Conclusion : ce n’est pas la névrose qui produit le symptôme, c’est le symptôme hystérique qui produit la névrose, c’est-à-dire la maladie

L’hystérique ouvre la scène. Elle fait du corps un langage, du langage un trou, du désir un labyrinthe. L’obsessionnel arrive après. Il tente de réparer ce qui a été fendu. Il ne veut pas fuir la vie, il veut seulement comprendre la faille. Mais cette faille n’a pas de fond. Elle a une voix. Une voix qui dit : « Dis-moi ce que je suis pour toi » — et qui s’évanouit sitôt la réponse formulée.

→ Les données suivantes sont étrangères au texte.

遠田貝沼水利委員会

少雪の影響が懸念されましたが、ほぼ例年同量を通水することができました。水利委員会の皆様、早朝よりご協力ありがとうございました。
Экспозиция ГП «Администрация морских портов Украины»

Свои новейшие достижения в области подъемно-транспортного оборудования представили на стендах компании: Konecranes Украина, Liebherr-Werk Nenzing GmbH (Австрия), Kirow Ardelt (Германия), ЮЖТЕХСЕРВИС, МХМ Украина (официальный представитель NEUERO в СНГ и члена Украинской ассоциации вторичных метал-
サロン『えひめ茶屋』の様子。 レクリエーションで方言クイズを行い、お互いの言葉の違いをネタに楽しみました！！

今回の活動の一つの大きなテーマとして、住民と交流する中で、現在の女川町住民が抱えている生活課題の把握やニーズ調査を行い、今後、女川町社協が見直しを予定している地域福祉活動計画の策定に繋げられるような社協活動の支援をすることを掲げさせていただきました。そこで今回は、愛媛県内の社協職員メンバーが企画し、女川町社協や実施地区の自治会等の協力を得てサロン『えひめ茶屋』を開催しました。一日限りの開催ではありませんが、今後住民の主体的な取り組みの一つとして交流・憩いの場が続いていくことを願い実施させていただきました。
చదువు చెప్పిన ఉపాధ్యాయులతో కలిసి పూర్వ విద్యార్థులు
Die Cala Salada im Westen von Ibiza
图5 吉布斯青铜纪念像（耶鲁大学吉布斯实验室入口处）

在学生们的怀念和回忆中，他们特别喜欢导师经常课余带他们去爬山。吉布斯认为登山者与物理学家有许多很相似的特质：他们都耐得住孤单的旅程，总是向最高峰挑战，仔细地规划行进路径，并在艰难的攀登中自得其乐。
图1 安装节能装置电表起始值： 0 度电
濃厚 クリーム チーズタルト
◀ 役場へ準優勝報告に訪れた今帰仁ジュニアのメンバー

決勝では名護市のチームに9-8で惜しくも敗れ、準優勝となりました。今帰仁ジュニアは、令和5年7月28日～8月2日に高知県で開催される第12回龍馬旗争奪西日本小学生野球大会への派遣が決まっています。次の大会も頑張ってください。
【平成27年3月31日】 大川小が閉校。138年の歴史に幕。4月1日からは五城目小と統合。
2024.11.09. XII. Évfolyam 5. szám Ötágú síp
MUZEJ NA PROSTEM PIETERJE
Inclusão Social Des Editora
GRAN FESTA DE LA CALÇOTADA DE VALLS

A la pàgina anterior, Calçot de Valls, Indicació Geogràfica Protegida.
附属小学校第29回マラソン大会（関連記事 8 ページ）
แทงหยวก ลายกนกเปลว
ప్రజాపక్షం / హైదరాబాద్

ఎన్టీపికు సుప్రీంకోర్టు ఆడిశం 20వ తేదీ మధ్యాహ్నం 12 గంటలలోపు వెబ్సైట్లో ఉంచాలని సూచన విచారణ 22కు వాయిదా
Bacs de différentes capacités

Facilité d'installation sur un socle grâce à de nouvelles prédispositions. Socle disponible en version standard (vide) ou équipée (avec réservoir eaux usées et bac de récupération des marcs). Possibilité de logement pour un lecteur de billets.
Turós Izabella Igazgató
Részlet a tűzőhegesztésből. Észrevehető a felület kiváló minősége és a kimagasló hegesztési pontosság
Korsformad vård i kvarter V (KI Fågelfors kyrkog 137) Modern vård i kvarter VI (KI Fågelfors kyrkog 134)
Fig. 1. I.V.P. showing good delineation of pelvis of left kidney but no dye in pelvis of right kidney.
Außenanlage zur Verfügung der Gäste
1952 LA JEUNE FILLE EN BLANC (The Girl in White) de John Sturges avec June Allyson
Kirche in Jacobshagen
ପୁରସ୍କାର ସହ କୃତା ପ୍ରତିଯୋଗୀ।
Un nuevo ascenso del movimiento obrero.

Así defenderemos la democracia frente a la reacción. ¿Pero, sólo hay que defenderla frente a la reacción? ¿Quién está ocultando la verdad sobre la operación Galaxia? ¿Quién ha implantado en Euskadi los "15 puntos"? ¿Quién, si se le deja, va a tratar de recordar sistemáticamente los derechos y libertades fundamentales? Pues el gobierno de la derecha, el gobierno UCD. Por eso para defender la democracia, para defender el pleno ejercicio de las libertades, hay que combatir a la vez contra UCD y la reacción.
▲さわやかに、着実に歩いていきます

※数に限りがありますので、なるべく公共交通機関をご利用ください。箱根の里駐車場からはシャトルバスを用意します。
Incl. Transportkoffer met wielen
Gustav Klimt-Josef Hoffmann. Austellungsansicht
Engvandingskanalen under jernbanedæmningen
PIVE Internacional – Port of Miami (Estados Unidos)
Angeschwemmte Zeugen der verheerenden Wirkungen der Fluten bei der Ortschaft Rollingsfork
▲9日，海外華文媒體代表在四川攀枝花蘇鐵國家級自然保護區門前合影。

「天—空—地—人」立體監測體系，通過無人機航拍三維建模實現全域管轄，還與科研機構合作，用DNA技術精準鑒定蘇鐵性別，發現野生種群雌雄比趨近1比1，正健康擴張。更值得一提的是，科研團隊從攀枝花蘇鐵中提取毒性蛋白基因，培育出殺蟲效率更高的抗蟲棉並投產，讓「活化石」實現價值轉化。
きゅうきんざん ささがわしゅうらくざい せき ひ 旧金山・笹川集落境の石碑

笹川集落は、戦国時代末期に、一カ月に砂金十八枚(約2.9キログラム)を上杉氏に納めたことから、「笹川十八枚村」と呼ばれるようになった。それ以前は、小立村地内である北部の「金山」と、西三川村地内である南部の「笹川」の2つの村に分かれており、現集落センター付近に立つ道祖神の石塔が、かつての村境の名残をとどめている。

Ce n’est donc pas l’obsession qui génère la souffrance, mais le regard hystérique qui fait du sujet obsessionnel un gardien du vide. La maladie obsessionnelle est le prix à payer pour avoir voulu répondre à l’hystérique.

Antigone, Médée, Ève, même Hamlet et Achille : toutes ces figures sont hystériques. Non pas par genre, mais par structure. Et les hommes qui tentent de leur répondre ? Tous finissent dans le piège obsessionnel du sens.